Chers frères et sœurs,

Dans les précédentes catéchèses nous avons médité sur plusieurs Psaumes de lamentation et de confiance. Aujourd’hui, je voudrais méditer sur un Psaume aux accents festifs, une prière qui, dans la joie, chante les merveilles de Dieu. C’est le Psaume 126 — 125 selon la numérotation gréco-latine —, qui célèbre les grandes choses que le Seigneur a accomplies avec son peuple et qu’il opère constamment dans chaque croyant.

Le Psalmiste, au nom de tout Israël, commence sa prière en rappelant l’expérience exaltante du salut:

«Quand le Seigneur ramena les captifs à Sion, / nous étions comme en rêve! / Alors notre bouche était pleine de rires, / nous poussions des cris de joie» (vv. 1-2a).

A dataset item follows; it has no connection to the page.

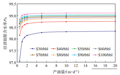 (2) 单井经济极限含水率随油价和日产油量的升高而升高。当油价$30/bbl到$100/bbl时,产油量由0.5 m3/d提高到20.0 m3/d,经济极限含水率从97.05%大幅上升至99.11%。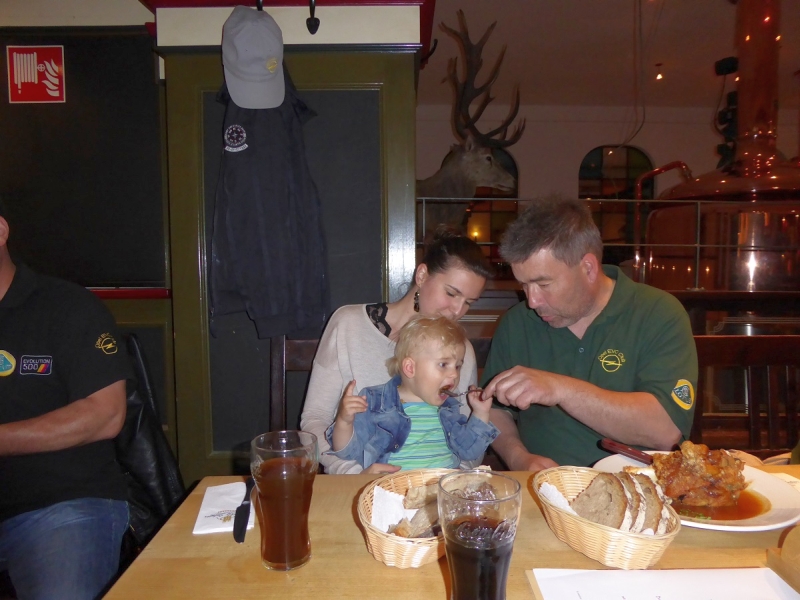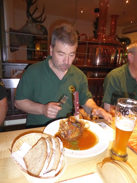 Vom Forum ging es zurück Richtung Hotel. Auf dem Weg dorthin machten wir die Mittagspause im Brauhaus Neckarsulm. Hier gab es was Deftiges. Bernd schien wohl besonders hungrig zu sein, stellte sich aber wohl doch die Frage: Krieg ich das auf? Da musste doch das Enkelkind schon mithelfen.

Le Psaume parle d’une libération des «captifs», qui sont donc rendus à leur état originel, à une positivité précédente. On part donc d’une situation de souffrance et de besoin à laquelle Dieu répond en offrant le salut et en ramenant l’orant à sa condition d’origine, qui est même enrichie et changée en mieux. C’est ce qu’il advient à Job, lorsque le Seigneur lui redonne ce qu’il avait perdu, en lui redoublant et en élargissant une bénédiction plus grande encore (cf. Jb 42, 10-13), et c’est ce dont fait l’expérience le peuple d’Israël en retournant dans sa patrie après l’exil babylonien. C’est justement en référence à la fin de la déportation en terre étrangère qu’est interprété ce Psaume: l’expression «ramener les captifs de Sion» est une lecture et une interprétation du texte «rétablir le sort de Sion». En effet, le retour de l’exil est le paradigme de toute intervention divine de salut parce que la chute de Jérusalem et la déportation à Babylone ont été une expérience dévastatrice pour le peuple élu, non seulement sur le plan politique et social, mais aussi et surtout sur le plan religieux et spirituel. La perte de la terre, la fin de la monarchie davidique et la destruction du Temple apparaissent comme un démenti des promesses divines, et le peuple de l’alliance, dispersé parmi les païens, s’interroge douloureusement sur un Dieu qui semble l’avoir abandonné. C’est pourquoi la fin de la déportation et le retour dans la patrie sont vécus comme un merveilleux retour à la foi, à la confiance, à la communion avec le Seigneur; c’est un «rétablissement du sort» qui implique aussi la conversion du cœur, le pardon, l’amitié retrouvée avec Dieu, la conscience de sa miséricorde et la possibilité renouvelée de le louer (cf. Jr 29, 12-14; 30, 18-20; 33, 6-11; Ez 39, 25-29). Il s’agit d’une expérience de joie extraordinaire, de rires et de cris de joie, tellement belle qu’il semble être «comme en rêve». Les interventions divines ont souvent des formes inattendues, qui vont au-delà de ce que l’homme peut imaginer; voilà alors l’émerveillement et la joie qui s’expriment à travers la louange: «Quelles merveilles fait pour eux le Seigneur!». C’est ce que disent les nations, c’est ce que proclame Israël:

«Alors on disait parmi les nations: / “Quelles merveilles fait pour eux le Seigneur!” / Quelles merveilles le Seigneur fit pour nous: / nous étions en grande fête!» (vv. 2b-3).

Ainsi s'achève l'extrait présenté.